People with sickle cell disease have horrific pain when their abnormal red blood cells deform and block arteries. They have higher risks of stroke and heart, lung and liver disease, and have an average life expectancy of 52.6, compared to life expectancy of 76.2 for all Americans. Sickle cell disease is common (about 100,000 in the US have the disease), and disproportionately affects Black people.
Two new treatments for sickle cell disease were approved by the Food and Drug Administration (FDA) last week. Casgevy, from Vertex and CRISPER, uses CRISPER technology to modify the patient’s own stem cells to produce fetal hemoglobin, which prevents sickle cell crisis. In clinical trials, 29 of 31 had freedom from severe sickle cell crisis for over a year. Casgevy’s price is $2.2 million. Lyfgenia, from Bluebird, uses a viral vector to modify a person’s stem cells to produce a variant of hemoglobin which prevents sickle cell crisis. Twenty-eight of 32 patients treated with Lyfgenia had freedom from severe sickle cell crisis for a year after treatment. The price for this drug is $3.1 million. The drugs are indicated for those over age 12 with moderate to severe sickle cell disease.

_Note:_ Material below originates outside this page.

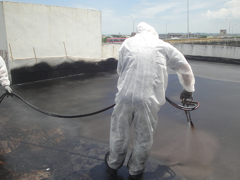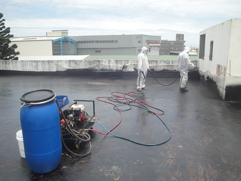 - 不能在雨、雪天或被水浸泡的基面上施工,5級以上大風不得施工,噴塗24小時內如有氣泡產生屬 於正常現象,兩天後塗膜會收水、排除氣泡,恢復平整。噴塗後應注意成品保護。

These treatments are complicated, and patients are subject to serious risks; stated cost of these drugs does not include associated medical care including long hospitalizations. Stem cells are harvested from the bone marrow, and patients are then treated with high doses of chemotherapy to kill all remaining stem cells in the bone marrow. The stem cells are treated and infused back into the patient, where they take up residence in the bone marrow and produce enough functional hemoglobin to protect the patient from sickle cell complications. This treatment requires a hospitalization that can last a month or more and has the same kind of dangers of infection associated with bone marrow transplants. The treatment likely decreases fertility and could come with risk of future cancers. The treatment is complex enough that it will only be offered in a few centers.
Source: Feurstein, StatNews December 8, 2023 LINK
Implications for employers;
- Cost of these treatments is quite high, although it’s projected that very few people will receive this treatment each year. IPD Analytics projects that neither of these drugs will be a billion-dollar drug before 2027 or 2028.
- Follow up so far is short, so it is possible that protection from these treatments will not persist for a patient’s lifetime.
- Effective treatment of sickle cell disease is great news for patients and could help prevent many cases of disability.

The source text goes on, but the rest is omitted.